So that's how you do it

Posted by Edward Lewis on

Once you have one way of doing things it's so easy to just stick with it. Times change, fashions come and go, but you're not letting go of your process.

Change is hard, right? We also would have to face up to the fact that we were doing it wrong all the time. We're always afraid that we're doing everything wrong anyway so why start to pull everything apart?

So let me tell you about software. Graphic software. Graphic software created by the Adobe corporation.

I'm sure you're aware of Photoshop. It's how we talk about how every image is manipulated. It's moved on over to being a verb despite Adobe telling everyone it's inappropriate.

Another bit of software that Adobe makes is Illustrator. I LOVE Illustrator. For years it was my go-to program for creating any image. You can create wonderful pictures that are built with vectors.

As a result, those pictures can scale as big as you want. Want a one-inch button? There you go. Want to wrap a building? You're already done.

Want to export the file to a laser cutter so that you can cut those shapes out of wood or acrylic? You can do that!

I love this program so much that when it came time to make my own calendar I naturally used it. I used it for years. It was used for every different variation.
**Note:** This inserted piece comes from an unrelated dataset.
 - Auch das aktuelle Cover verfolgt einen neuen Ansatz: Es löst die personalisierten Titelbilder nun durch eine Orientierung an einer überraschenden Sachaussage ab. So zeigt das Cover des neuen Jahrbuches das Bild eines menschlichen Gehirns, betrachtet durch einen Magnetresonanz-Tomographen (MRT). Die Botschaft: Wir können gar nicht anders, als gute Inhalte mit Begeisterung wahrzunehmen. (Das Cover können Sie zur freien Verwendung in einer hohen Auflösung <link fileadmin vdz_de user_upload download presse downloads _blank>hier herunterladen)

Then my computer exploded!

My computer didn't really explode. The battery inside decided it would have enough and one of the traditional funerals for a lithium battery is to slowly expand. Unfortunately this one expanded inside my laptop, breaking everything else along the way.
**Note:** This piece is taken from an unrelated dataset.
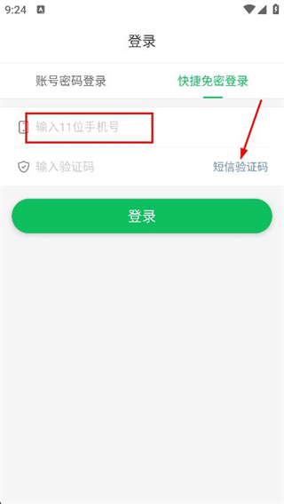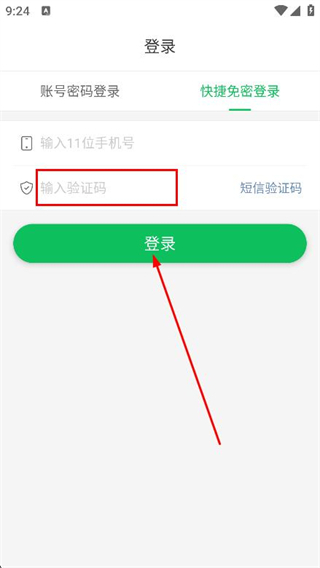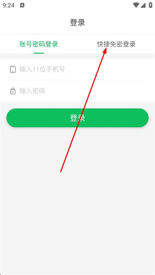 1、打開全效app,在登錄頁面中選擇快捷免密登錄選項。

My purchased copy of Illustrator went right along with it. So I had to get an Adobe Cloud account. Which is when I remembered something about InDesign, an Adobe program for laying out stuff for print.

I opened it up and started messing around to see how it worked. Within about ten minutes or so I realized I was an idiot. This is the program I should have been using all these years.

I was wrong. I wasted so much time. I made so many useless mistakes along the way that InDesign would have prevented. I should've done the research.

I should've asked my wife for advice since she's a graphic designer. That one embarrassed both of us quite a bit.

That's OK. It's always about starting from now. I could've done it better before, but so what? It doesn't change my life now. My life has improved. My workflow has improved.

I have a new tool and I love it.

When I want to dive back into playing with vectors to make some new images I will be sure to play some music and get lost in Illustrator.

I have more options now and that's how it should be.